Since Peter is the composer of the TV show's music, every working moment reminds him of Sarah. To forget the titular character and find time to work on his long-gestating rock opera based on the Dracula legends, he heads for Hawaii. It's typical of his luck that he winds up at the same hotel where Sarah vacations with new lover, British rock star Aldous Snow (Russell Brand).

If that sounds like a lame premise, it is. But the screenplay, written by Segel, has an abundance of sharp dialogue and realistically constructed characters. Novice director Nicholas Stoller has a sometimes ponderous sense of pacing, but he's clearly an actor-friendly helmer who knows how to respect a solid screenplay. He draws outstanding performances from a cast familiar to couch potatoes.

"How I Met Your Mother"'s Segel plays yet another variation of that current comedy craze, the protagonist who fails to navigate the seas of romance. Although Peter occasionally resembles the characters immortalized by the young Woody Allen, Segel gives his own touch to the comic mishaps. The screenplay also calls for him to be caught literally with his pants down, familiarizing audiences with Peter's male appendage.
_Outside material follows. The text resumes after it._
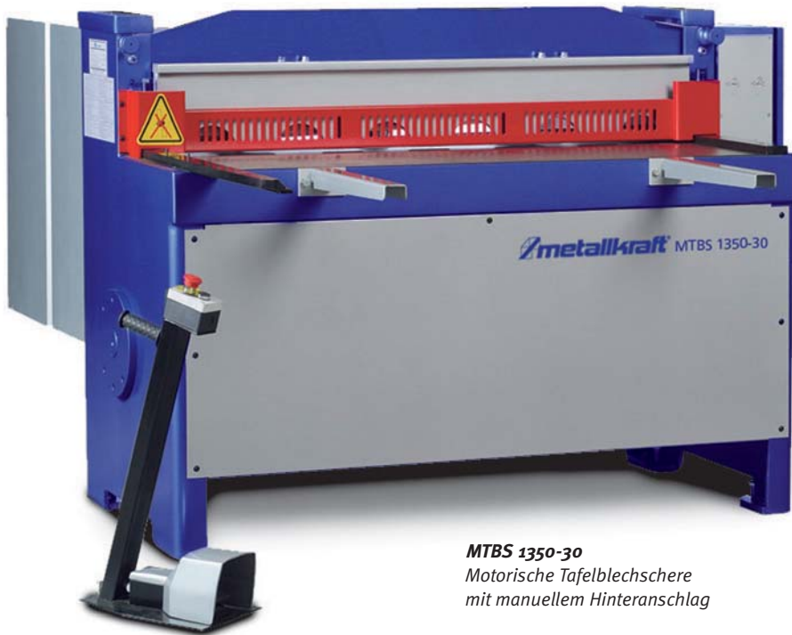
MTBS 1350-30 Motorische Tafelblechscher mit manuellem Hinteranschlag

Mila Kunis, known from "Family Guy" and "That '70s Show," enchants both Peter and the audience as a warm hotel employee, while Bell never tries to soften Sarah's self-absorption. Brand is consistently hilarious as Sarah's new main man, whose deceptive friendliness to hapless Peter provides some clever moments. But as Peter's bossy stepbrother, "Saturday Night Live"'s Bill Hader overcompensates for having the screenplay's least developed role.

"Forgetting Sarah Marshall" is, more often than not, a lark and frequently a hoot.